У него не раз было ощущение, что приступ вот-вот разразится, однако видения так и не наступали.

Что-то изменилось.

Что?

– Бывают, – упрямо сказал Франциск. – Во сне один раз было. Я еле очухался.

Брат равнодушно отвернулся.

«Один раз…»

– Филипп, ну ты слышишь меня? Ответь, пожалуйста! Ну что мне еще сделать?! Скажи, что? Давай! Ну же! Что угодно! Я сделаю все! – Голос Франца сорвался, и мальчик тяжело задышал, стиснув кулаки до боли.

– Я хочу, – тихо выдохнул Филипп, – чтобы ты… забыл меня.

Франциску почудилось, что он ослышался.

Нет, не может быть.

Близнеца будто подменили.

Он бы никогда такого не сказал!

Ни за что!

Гробовую тишину разбили чьи-то шаги. Айсиды.

– Линго! – воскликнул Шико. – Время для трапеза быть!

Выпучив глаза, он открыл рот и сделал вид, будто закидывает в себя что-то.

– Трапеза! Когда в себя есть! Понимать? Живот плакать же, да? Хочешь в себя есть?

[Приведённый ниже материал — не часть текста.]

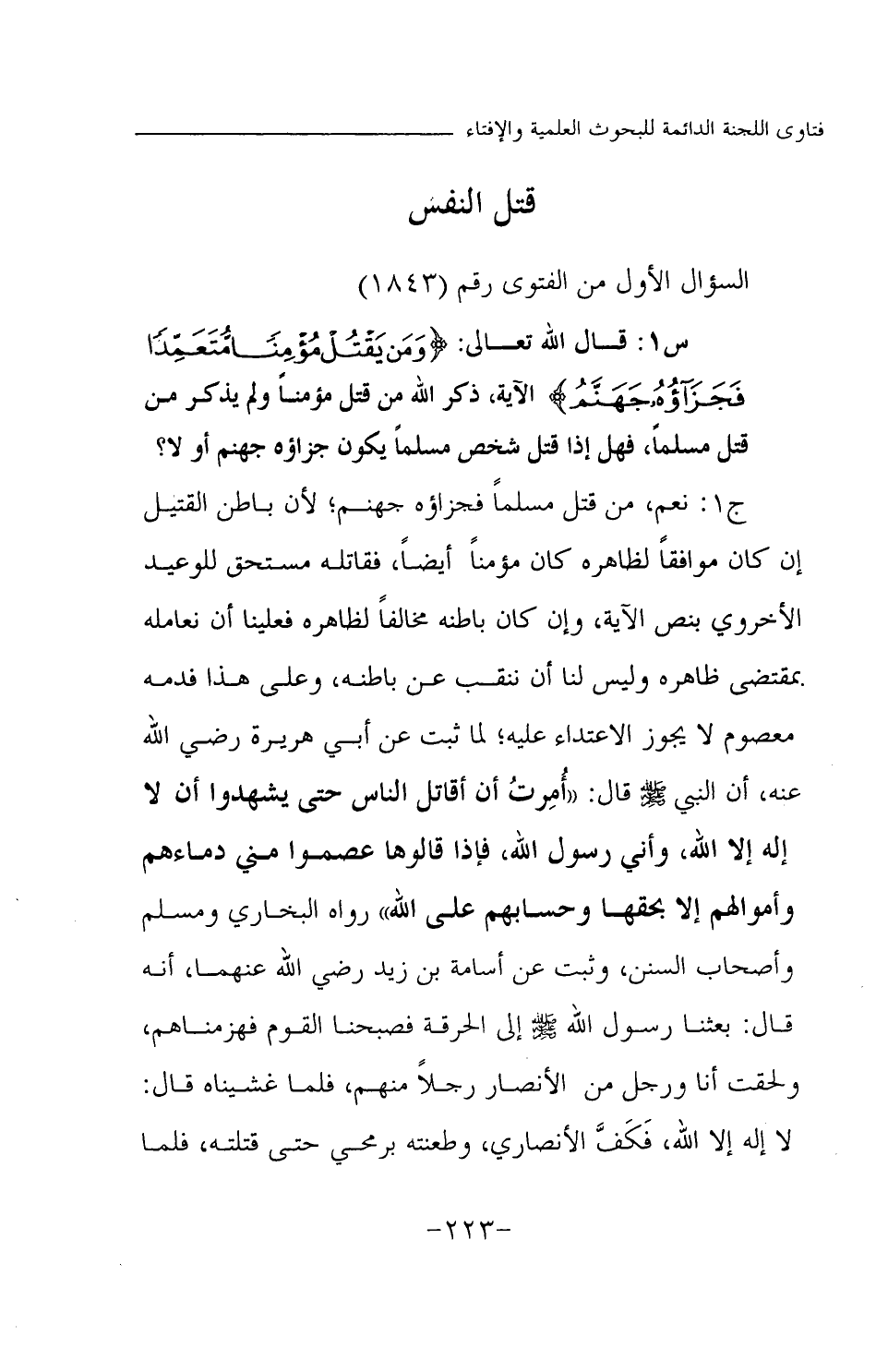 ج 1: نعم، من قتل مسلما فجزاؤه جهنم؛ لأن باطن القتيل إن كان موافقا لظاهره كان مؤمنا أيضا، فقاتله مستحق للوعيد الأخروي بنص الآية، وإن كان باطنه مخالفا لظاهره فعلينا أن نعامله بمقتضى ظاهره وليس لنا أن ننقب عن باطنه، وعلى هذا فدمه معصوم لا يجوز الاعتداء عليه؛ لما ثبت عن أبي هريرة رضي الله عنه، أن النبي صلى الله عليه وسلم قال: «أمرت أن أقاتل الناس حتى يشهدوا أن لا إله إلا الله، وأني رسول الله، فإذا قالوها عصموا مني دماءهم وأموالهم إلا بحقها وحسابهم على الله (¬2) » رواه البخاري ومسلم وأصحاب السنن، وثبت عن أسامة بن زيد رضي الله عنهما، أنه قال: «بعثنا رسول الله صلى الله عليه وسلم إلى الحرقة فصبحنا القوم فهزمناهم، ولحقت أنا ورجل من الأنصار رجلا منهم، فلما غشيناه قال: لا إله إلا الله، فكف الأنصاري، وطعنته برمحي حتى قتلته، فلما

– Я так хотеть! – подхватил его друг Ао. – Так хотеть в себя есть! И булка, и птицына рука, и нога… – Он чуть задумался и тряхнул головой. – Да и голова тоже! А-ай! А еще яйцо, и корешок сладкая, и рыбина печенка, и солена хвостик… Ух-х, прямо не мочь, как хотеть в рот положить! Ну же! – Ао подмигнул близнецам. – Чего грустная?

Он задумался, обвел пальцем свою физиономию.

– Как она, Шико? Этот штука с носом? Линго, что такое быть? Не хотеть корешок есть? Там жарена лягушка и слизняк есть, у-мм, вкусно! Идти, линго, давай идти быстро! А то другие лягушка в рот положить, тебе не достаться!

Криво, но старательно улыбаясь, айсиды двинулись к проему в стене.

Филипп поднялся и прошел мимо.

Франциску показалось, он забрал с собой последние крупицы его надежды.

Когда они возвращались в общий зал, Франц заметил, что воздух потеплел и даже можно было не кутаться в перьевые циновки. Шико тоже это заметил и, облизав палец, воздел над собой.

– Тепло быть, – сказал он спутникам.

– Уф, хорошо, – отозвался Франц и только потом понял, что хорошо лишь для него.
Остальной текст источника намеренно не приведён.